## Exercise prompt
Return nothing but the lines from the one with "Рис обжаренный с" through the one with "附:MK体育(中国)国际平台国家级一流本科课程完整名单" in the data below, word for word and without pictures.

## Input records

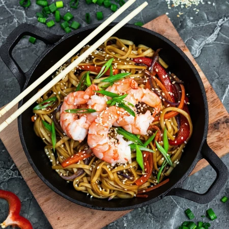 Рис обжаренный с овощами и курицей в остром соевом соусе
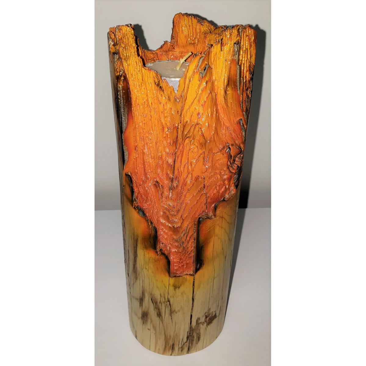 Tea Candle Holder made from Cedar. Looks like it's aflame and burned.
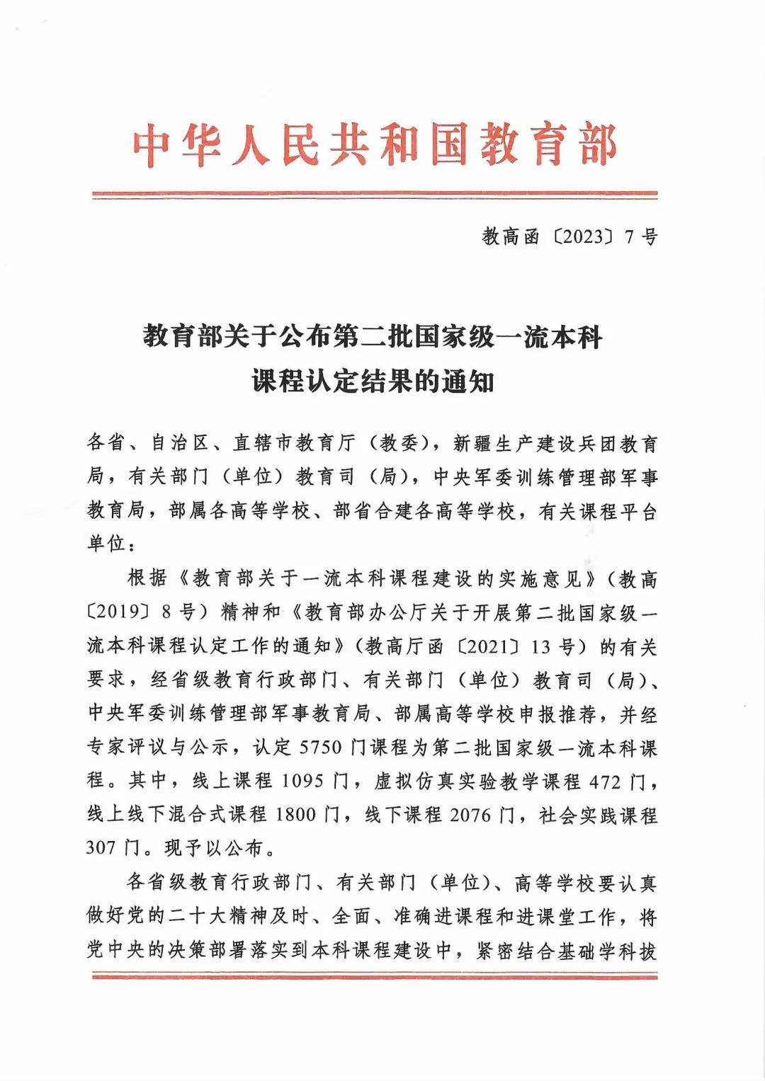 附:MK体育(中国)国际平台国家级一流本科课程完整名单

--

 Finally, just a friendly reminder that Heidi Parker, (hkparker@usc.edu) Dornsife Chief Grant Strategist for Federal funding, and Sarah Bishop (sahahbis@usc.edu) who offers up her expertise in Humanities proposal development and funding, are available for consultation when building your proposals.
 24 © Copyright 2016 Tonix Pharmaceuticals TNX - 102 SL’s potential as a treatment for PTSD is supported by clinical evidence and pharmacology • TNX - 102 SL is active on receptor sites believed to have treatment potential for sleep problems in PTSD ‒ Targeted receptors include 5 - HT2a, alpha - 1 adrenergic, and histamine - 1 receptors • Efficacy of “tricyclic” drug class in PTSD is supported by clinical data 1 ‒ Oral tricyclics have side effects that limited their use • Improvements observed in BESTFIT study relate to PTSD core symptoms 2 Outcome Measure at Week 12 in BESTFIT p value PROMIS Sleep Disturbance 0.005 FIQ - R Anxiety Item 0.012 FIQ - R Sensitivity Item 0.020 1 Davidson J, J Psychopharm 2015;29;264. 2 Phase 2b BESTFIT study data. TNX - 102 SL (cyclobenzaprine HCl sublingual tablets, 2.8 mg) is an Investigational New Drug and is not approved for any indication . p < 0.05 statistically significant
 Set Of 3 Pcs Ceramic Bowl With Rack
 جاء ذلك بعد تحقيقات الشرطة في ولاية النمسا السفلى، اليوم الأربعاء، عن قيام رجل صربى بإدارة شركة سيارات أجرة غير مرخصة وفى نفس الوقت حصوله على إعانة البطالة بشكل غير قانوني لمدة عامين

## Written response
 Рис обжаренный с овощами и курицей в остром соевом соусе
 Tea Candle Holder made from Cedar. Looks like it's aflame and burned.
 附:MK体育(中国)国际平台国家级一流本科课程完整名单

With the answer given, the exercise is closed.